According to Content Marketing Institute’s 2013 B2C report, 57 percent of survey respondents say they believe social media content is effective in driving engagement, compared to 43 percent who say the practice doesn’t work. CMI notes that 49 percent of brands say their biggest content marketing challenge, through several avenues like social media, is the creation of audience-engaging content. Nevertheless, 69 percent of CMI’s respondents will use Twitter to reach prospective and current customers online in 2013.

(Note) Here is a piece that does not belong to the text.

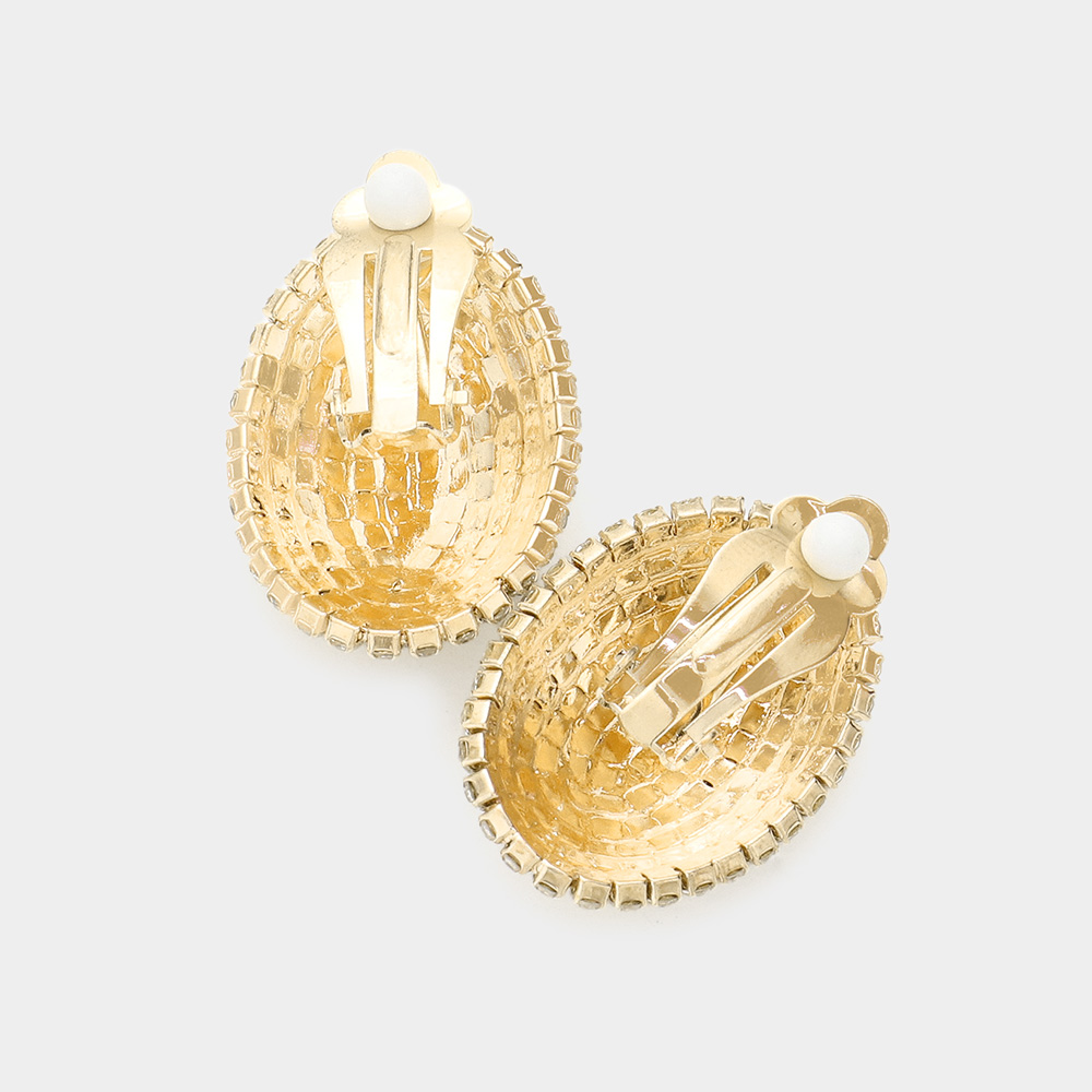 Multi Stone Embellished Seed Beaded Cutout Oval Dangle Earrings

Many brands use Twitter to connect with new and existing leads, but many of their Tweets may be overlooked. According to statistics from the Chartered Institute of Marketing, 79 percent of businesses use Twitter as a core component of their marketing agendas. But brands should focus on creating branded content that increases readership, especially with social users often ignoring content that comes from brands, and focusing on posts from trusted influencers. According to Econsultancy, of the 0.5 percent of Twitter users that influence the rest of the site’s population, product-based brands rarely earn affect consumers’ opinions.
Social media users may actively follow brands via Twitter, but they don’t always read Tweets made by organizations, and they spend more time interacting with celebrities and artists. This fact has encouraged businesses to reach out to top social influencers and work out partnerships that allow brands access to a public figures’ social networks. While this practice may be more appropriate for larger businesses, the trend remains noteworthy even for small shops. Twitter users engage with accounts that provide more than direct sales pitches – consumers want to feel they’re speaking with someone real. While a company can never become a person, it can show transparency by developing a unique persona online.
Twitter outreach may become more successful when brands allocate resources to creating engaging copy. With 49 percent of brands indicating that creating compelling content is their biggest challenge, outsourcing social marketing efforts to content writers can help brands create influential social accounts. Brands don’t need celebrities to increase sales online, companies need their own personalities to shine through posts.